A Queda de Saulo para Dar Espaço a Paulo
Na Via de Damasco, Deus passa a rasteira em Saulo. Joga por terra sua presunção religiosa, sua imagem distorcida de Deus e seus preconceitos contra os cristãos. Saulo achava que estava em sintonia com Deus e cumprindo rigorosamente a Sua vontade. Considerava-se um exemplo de “justiça” e um zeloso defensor de Deus. Na realidade, vagava nas trevas. No caminho de Damasco, ele fica cara a cara com Jesus, que lhe propõe um novo caminho à descoberta do verdadeiro rosto de Deus. A condição é deixar-se conduzir com confiança como um cego. Não é uma coisa fácil para quem sempre esteve acostumado a dirigir e mandar. A meta é a comunidade cristã, a mesma contra a qual estava prestes a soltar sua “ira religiosa”. É lá que Saulo terá de se apresentar para conhecer Jesus, o verdadeiro rosto de Deus, graças ao testemunho dos seus discípulos.
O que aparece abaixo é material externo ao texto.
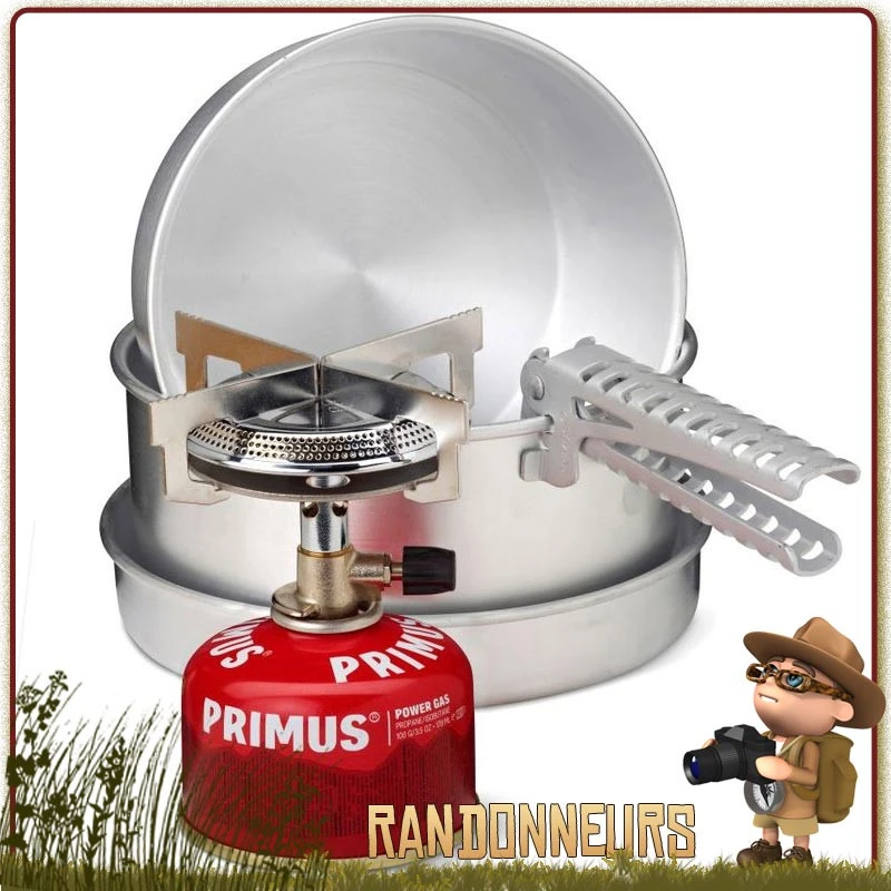 Kit Réchaud gaz Mimer Primus avec popote aluminium (2x casserole, 1x poêle, 1x pince) et une housse de rangement

Mas, para que tudo isso aconteça, é necessário que haja outra conversão. Desta vez na comunidade cristã. Ananias, indicado pelo Espírito a instruir Saulo, também precisa mudar. Sua desconfiança com Saulo é grande. Ele conhece seu histórico de perseguidor. Não consegue confiar nele. É o perigo do sectarismo que gera intolerância e intransigência. A conversão de Saulo é mais um manifesto da liberdade de Deus e da universalidade de sua mensagem. Ele age quando e como quiser para o bem de todas as gentes, sem nenhuma distinção.
Na “Via de Damasco” caem por terra as expectativas dos “zelosos defensores” de Deus. Acontece um indiscutível posicionamento contra a intolerância religiosa, sobretudo quando, sob a aparente defesa dos “direitos” de Deus, se esconde um perverso plano de manipulá-lo e usá-lo para defender e proteger seus próprios interesses. Quem defende e promove a violência, mesmo se for supostamente em defesa dos “valores religiosos”, depõe contra Deus. Ele nunca se servirá do ódio e da intolerância para se defender e impor sua vontade. Já não aguenta mais quem vai à Igreja para “servi-lo”, “fortemente armado” física e ideologicamente e passando por cima da dignidade de seus filhos/as. Deus não quer setas aquarteladas em suas arrogantes convicções, mas comunidades de portas abertas, prontas a acolher e cuidar de todas as pessoas que chegam. Ananias acolhe Saulo, lhe impõe as mãos e lhe transmite o Espírito de Jesus de Nazaré. Nesse exato momento, as escamas caem dos seus olhos. “Acho que as escamas de Saulo eram suas supostas perfeições, sua ideologia religiosa, sua intransigência e intolerância” (Silvano Fausti). Então ele recupera a visão e é batizado. A partir deste momento, torna-se o apóstolo Paulo. Depois de alguns dias, ele já está falando de Jesus. Já não consegue conter o desejo de contar o que lhe aconteceu. Deus converte Saulo e o envolve no caminho de Jesus. Ananias, por sua vez, é convertido de sua desconfiança e se deixa envolver como companheiro nesta nova jornada que Saulo está prestes a empreender. Destas conversões nasce Paulo, apóstolo dos gentios, e surge uma nova comunidade cada vez mais empenhada em acolher todos aqueles que, independentemente de suas histórias, têm um desejo louco de conhecer Jesus e de dá-lo a conhecer aos outros.